A tick. Like the several we had already captured and destroyed at the campground days before. I had been so bound up in my own projections of what might happen next to my body as I wait for the days to pass, inexorably, one second at a time, that I had missed Occam’s Razor burrowed into to my armpit — as obvious as it would have been to Paul, to my brother in law, or anyone else. As a friend well versed in the psychology of medical trauma put it, “This is your reality now, you just have to figure out how to manage it.”
In this case, it’s managed — though it did involve yet another trip to urgent care. But I’m newly reminded that the sweeping arc of illness never truly ends, it just flexes and bends, like the shadows, with the days.
Tick tick tick.
What Rick said. Plus: Your Substack is among fifteen or so I get, maybe a few more, and they're all by writers and yours is the most consistently well-written--not just typed but edited,, honed, listened to, etc. Please don't tell me you just wing it off the top of the head--I'd find that terribly depressing.

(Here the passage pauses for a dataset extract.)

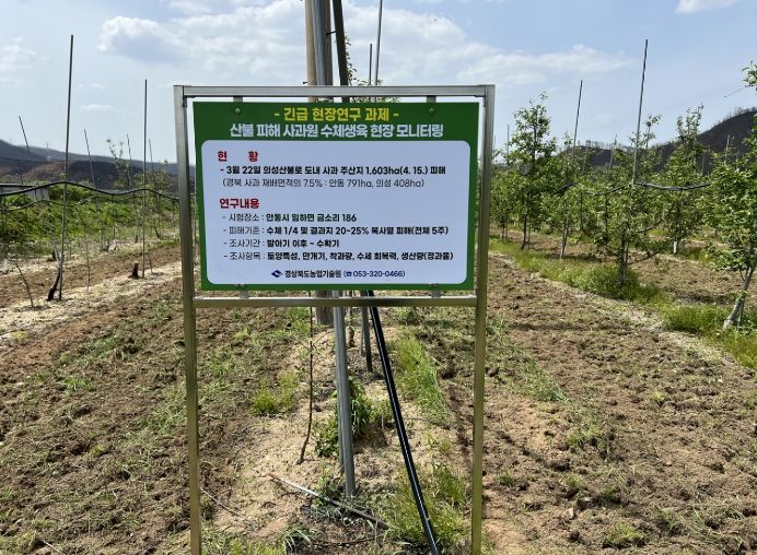 조영숙 경상북도농업기술원장은 “이번 조사는 산불 피해 사과원의 회복 가능성을 과학적으로 분석하고, 농가에 실질적인 관리 기준을 제시했다는 점에서 의미가 크다”며 “앞으로도 산불 피해 사과원의 조기 회복을 위해 현장 중심의 기술 지원과 맞춤형 지도를 지속적으로 강화해 나가겠다”고 밝혔다.

There is, as well, the wonderful sandbagging of the reader, vis-a-vis "tick." It's a good example, in miniature, of how book titles sometimes sandbag us--for instance, when way deep into the novel you realize that Sophie does, in fact, have to make a choice.

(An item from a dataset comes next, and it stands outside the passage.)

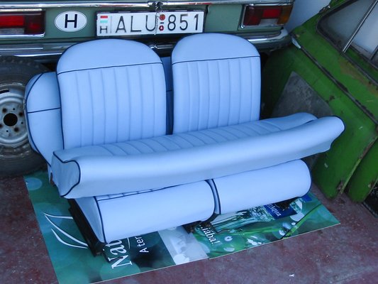 Sajnos a befejezés utáni napon a festék megrepedt az első csomagtérfedélen, ezért Karesz újrafújta. Persze, az egész ICI-tól hozott festékmennyiséget bekeverte előtte a kocsihoz, az megszáradt, ezért újat kellett készíttetnie a helyi festékesnél – arról az elemről a mai napig ordít, hogy a látrányi szakember még az én bácsimnál is kevésbé akarta elhinni, hogy valaki ennyire világos színt akarhat az autójára. Közben (másutt) elkészült a motor-váltó együttes is, a belső térrel szintén hatalmas kört futottam, mire F. Rezső elvállalta. Az üléseket csodásan megcsinálta, azóta is tartanak, jól is néznek ki, bár már elég koszosak, az ajtókárpitok már kevésbé sikerültek, azokat rögtön visszavittem, aztán megint, majd a reklamációs szélmalomcsatát megunva, a papundekli-vázat magam szabtam át kisebbre, újraragasztottam, majd később még egyszer még kisebbre, hogy végre beférjenek – most a méretük jó, de egy csomó patent kijött belőlük és alul lifegnek. Mindegy, évekkel későbbi sztori ahhoz képest, ahol tartunk.

Does one say, "Hang in there!" to an aerialist?
Hang in there!
After reading "Tick Tick Tick" I find myself, unexpectedly, laughing at the weirdness of eclipses and the fact that crows are upset at having two mornings on the same day (which I think is very sensible of them) and the things we see yet don't see. I suppose my laughter was relief and joy. Thanks for taking me along on this adventure.